HCL allows you to use variables for making dynamic configurations
These variables can be used to specify values for parameters and args that may change, depending on how you're using the config. They can be placed in files with these formats:
- variables.tf
- terraform.tfvars
- terraform.tfvars.json Then you reference the variables contained within, in your main config file
Environment variables are prefixed with TF_VAR_
We declare variables like a resource in our configuration
We're going to have a play with variables and how they integrate with the Terraform.

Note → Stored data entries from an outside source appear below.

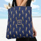 Elegant Navy and Gold Seahorses with Initial Tote Bag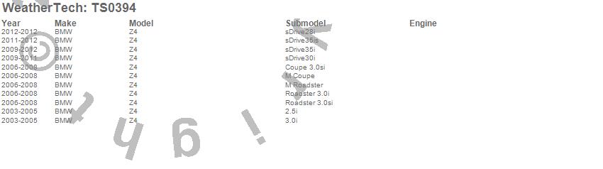 Below is an abbreviated list of applications for the WeatherTech SunShade.Z4, BMW, 2012, 2011, 2010, 2009, 2008, 2007, 2006, 2005, 2004, 2003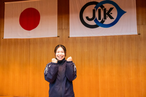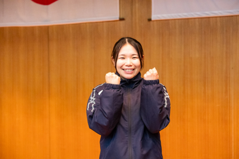 自分らしいガッツポーズで、のリクエストに応えてくれた古山稀絵候補生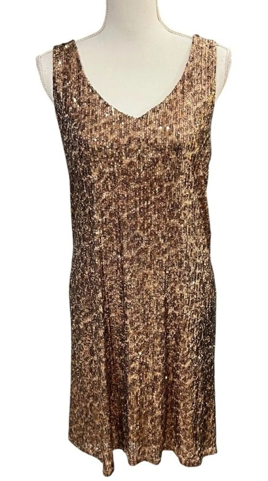 Size MEDIUM Excellent Preowned Condition : No holes, stains or tears See photos for measurements Pull on style Fully lined Sleeveless Style tags: holiday, festive, party, glam, New Years Eve, date night, special occasion, sequins, leopard print, cocktail, formal, gala, wedding guest, animal print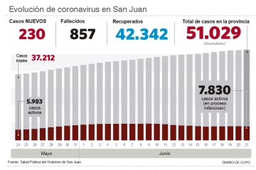 Después de varios días con un índice diario de contagios que fue descripto por las autoridades sanitarias como "una meseta alta", ayer fue informada una cifra relativamente baja de casos de coronavirus en San Juan, siguiendo la aparente tendencia que se inició el último domingo. Según el parte oficial de Salud Pública, ayer hubo 230 contagios registrados, apenas por encima de los 227 informados el día anterior, pero muy por abajo de los más de 430 diarios del sábado hacia atrás.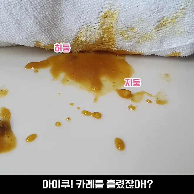 어머! 카레를 담다가 흘려버렸네!? 상판 물들기 전에 닦아야 해!!

The relevant documentation
HCL is stongly typed, so you need to remember to declare this too, e.g.:
variable "image_id" {
type = string
}
You can also set a default:
variable "availability_zone_names" {
type = list(string)
default = ["us-west-1a"]
}
We're going to set a variable in the main infrastructure.tf
file, and call it with var.<variableName>
- In this case, it's
ami = var.machine_image
If nothing is passed to the machine_image variable, the default gets passed instead.
You can also add custom validation (syntax in documentation linked above), e.g. checking an AMI image by counting the chars in the passed variable, checking it begins with "ami"...
- Create
variables.tf
in the root and link from there
- Assign variables here:
machine_image = "ami-xyz"
instance_size = "t3.small"
server_num = 5
Any variables in here will override anything else. You can only assign variables, not declare them.
- Run
terraform plan
to see which vars make it to the execution plan (spoiler: it's the variables in the.tfvars
file)!
variables.tf
is where the variables are created, and terraform.tfvars
is where you assign them.
A .tfvars file is used to assign values to variables that have already been declared in .tf files, not to declare new variable. To declare variable "test", place this block in one of your .tf files, such as variables.tf
To nest a value for this variable in terraform.tfvars, use the definition syntax instead:
test = <value>
A module is a container for multiple resources that are used together. Every Terraform config - when you run plan
or apply
- form the root module, which consists of the resources defined in the .tf files in the main working directory.
You can grab modules from the Terraform Registry.
Modules are self-contined packages of Terraform configurations that are managed as a group.
- Put a .tf file in a folder, in the root directory.
- Call the module from the root module
This is like using a function/method/class in software development. Whenever you make changes, you can do it in the module (not the root)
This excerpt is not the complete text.